Aim of the task
Once the pictures are removed, restate the listing word for word.

Given information

--- START ---

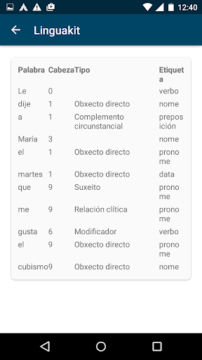 El Analizador Sintáctico de Linguakit evalúa las relaciones sintácticas o de dependencia existentes entre pares de palabras. Así, para cada pareja de palabras define el tipo de relación sintáctica, qué palabra es núcleo y cuál es la dependiente, su categoría gramatical y su posición dentro de la frase.
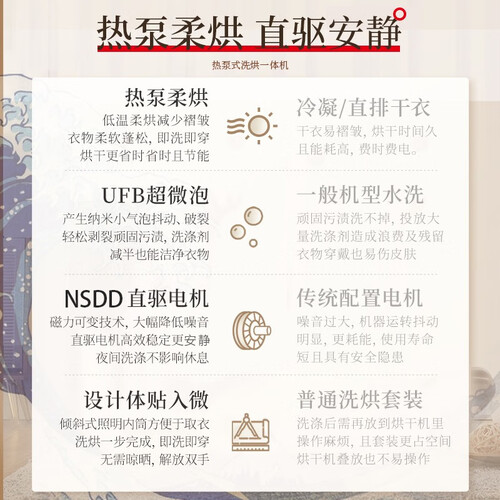 采用超微泡技术,能有效深入衣物纤维,去除顽固污渍。搭载热泵式干衣系统,大大缩短干衣的时间,阴雨天也能够快速干衣。
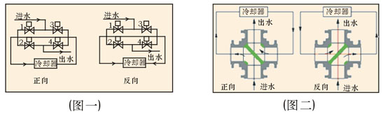 该四通换向球阀,一 阀实现正反供水切换,每转90 ,供水方式切换一次,以前需四个阀门,供水时阀1、4 开启,阀2、3关闭;反向供水时阀2、3开启,阀1、4 关闭(图一),现用一台四通球阀(图二)替代,操作方便。
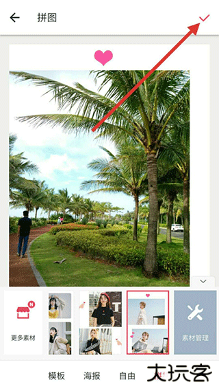 4、设置模板和排列方式之后,点击右上角的“√”这个符号,表示拼图完成。

--- END ---

Task response
 El Analizador Sintáctico de Linguakit evalúa las relaciones sintácticas o de dependencia existentes entre pares de palabras. Así, para cada pareja de palabras define el tipo de relación sintáctica, qué palabra es núcleo y cuál es la dependiente, su categoría gramatical y su posición dentro de la frase.
 采用超微泡技术,能有效深入衣物纤维,去除顽固污渍。搭载热泵式干衣系统,大大缩短干衣的时间,阴雨天也能够快速干衣。
 该四通换向球阀,一 阀实现正反供水切换,每转90 ,供水方式切换一次,以前需四个阀门,供水时阀1、4 开启,阀2、3关闭;反向供水时阀2、3开启,阀1、4 关闭(图一),现用一台四通球阀(图二)替代,操作方便。
 4、设置模板和排列方式之后,点击右上角的“√”这个符号,表示拼图完成。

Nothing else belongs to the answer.